Department of Health Care Policy, Harvard Medical School, Boston, MA.
Income and Benefits Policy Center, Urban Institute, Washington, DC.
Health Serv Res. 2018 Feb;53(1):138-155. doi: 10.1111/1475-6773.12640. Epub 2016 Dec 26.
To forecast out-of-pocket health care spending among older adults. Long-term forecasts allow policy makers to explore potential impacts of policy scenarios, but existing microsimulations do not incorporate details of supplemental insurance coverage and income effects on health care spending.
Dynamic microsimulation calibrated to survey and administrative data.
We augment Urban Institute's Dynamic Simulation of Income Model (DYNASIM) with modules that incorporate demand responses and economic equilibria, with dynamics driven by exogenous technological change. A lengthy technical appendix provides details of the microsimulation model and economic assumptions for readers interested in applying these techniques.

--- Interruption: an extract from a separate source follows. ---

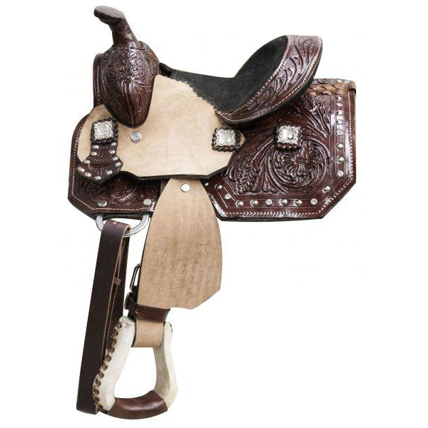 8" Double T pony saddle with floral tooled leather and crystal rhinestone conchos. This saddle is accented with silver and crystal studs on skirts.

The model projects total out-of-pocket spending (point of care plus premiums) as a share of income for adults aged 65 and older. People with lower incomes and poor health fare worse, despite protections of Medicaid. Spending rises 40 percent from 2012 to 2035 (from 10 to 14 percent of income) for the median beneficiary, but it increases from 5 to 25 percent of income for low-income beneficiaries and from 23 to 29 percent for the near poor who are in fair/poor health.
Despite Medicare coverage, near-poor seniors will face out-of-pocket spending that would render them, in practical terms, underinsured.
预测老年人的自付医疗保健支出。长期预测使政策制定者能够探索政策方案的潜在影响,但现有的微观模拟并未纳入补充保险覆盖范围的细节以及收入对医疗保健支出的影响。
针对调查和行政数据进行校准的动态微观模拟。
我们通过包含需求响应和经济均衡的模块来扩充 Urban Institute 的动态模拟收入模型(DYNASIM),并通过外生技术变革来推动动态变化。一份冗长的技术附录为有兴趣应用这些技术的读者提供了微观模拟模型和经济假设的详细信息。
该模型预测了 65 岁及以上成年人的自付支出(护理点加上保费)占收入的份额。尽管有医疗补助的保护,收入较低和健康状况较差的人情况更糟。中位数受益人的支出从 2012 年到 2035 年增长了 40%(从收入的 10%增加到 14%),但低收入受益人的支出从 5%增加到 25%,而健康状况一般/较差的接近贫困者的支出从 23%增加到 29%。
尽管有医疗保险覆盖,但接近贫困的老年人将面临自付支出,这实际上使他们的保险不足。